Word for word, reproduce all entries below, leaving every picture out.

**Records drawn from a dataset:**

_____

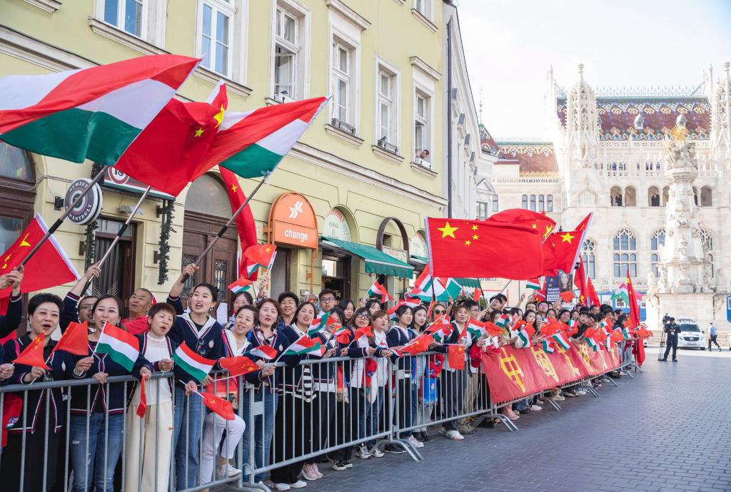 People bid farewell to Chinese President Xi Jinping in Budapest, Hungary, May 10, 2024. Chinese President Xi Jinping left Budapest on Friday after paying state visit to Hungary. (Xinhua/Zhang Fan)
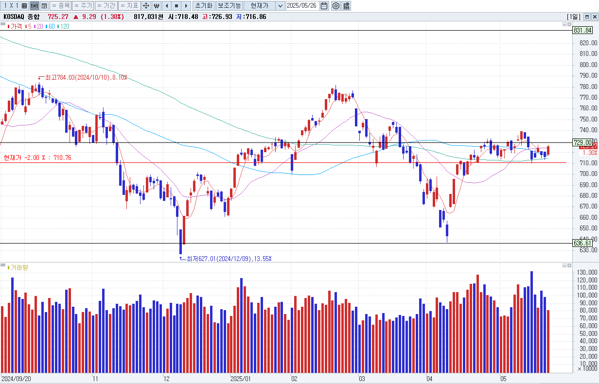 5/26 KOSDAQ 725.27(+1.30%) 관세 우려 완화(+), 외국인/기관 순매수(+)
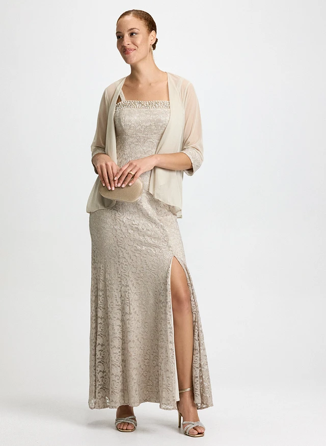 Sequin Clutch & Sheer Bolero & Sleeveless Dress Set
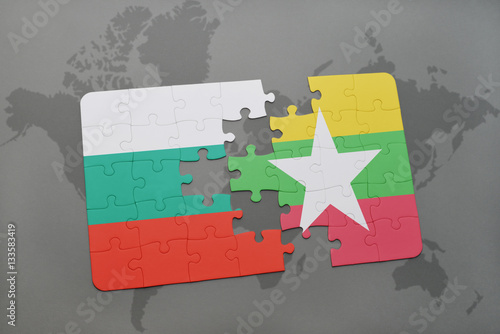 puzzle with the national flag of bulgaria and myanmar on a world map
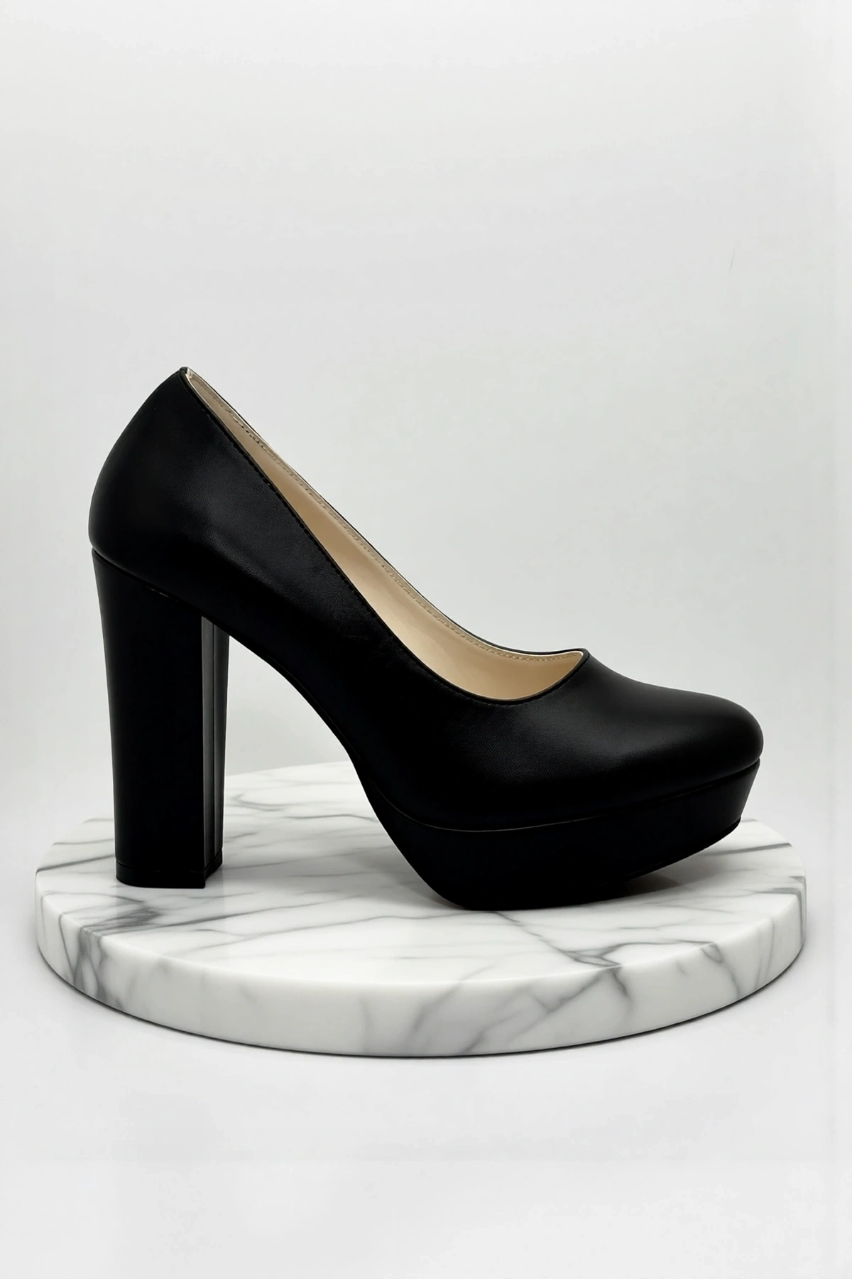 Klasik ve zamansız tasarımıyla her kıyafetle uyum sağlayan düz desenli siyah topuklu ayakkabı, şıklığınızı tamamlar.

_____

**Solution:**
 People bid farewell to Chinese President Xi Jinping in Budapest, Hungary, May 10, 2024. Chinese President Xi Jinping left Budapest on Friday after paying state visit to Hungary. (Xinhua/Zhang Fan)
 5/26 KOSDAQ 725.27(+1.30%) 관세 우려 완화(+), 외국인/기관 순매수(+)
 Sequin Clutch & Sheer Bolero & Sleeveless Dress Set
 puzzle with the national flag of bulgaria and myanmar on a world map
 Klasik ve zamansız tasarımıyla her kıyafetle uyum sağlayan düz desenli siyah topuklu ayakkabı, şıklığınızı tamamlar.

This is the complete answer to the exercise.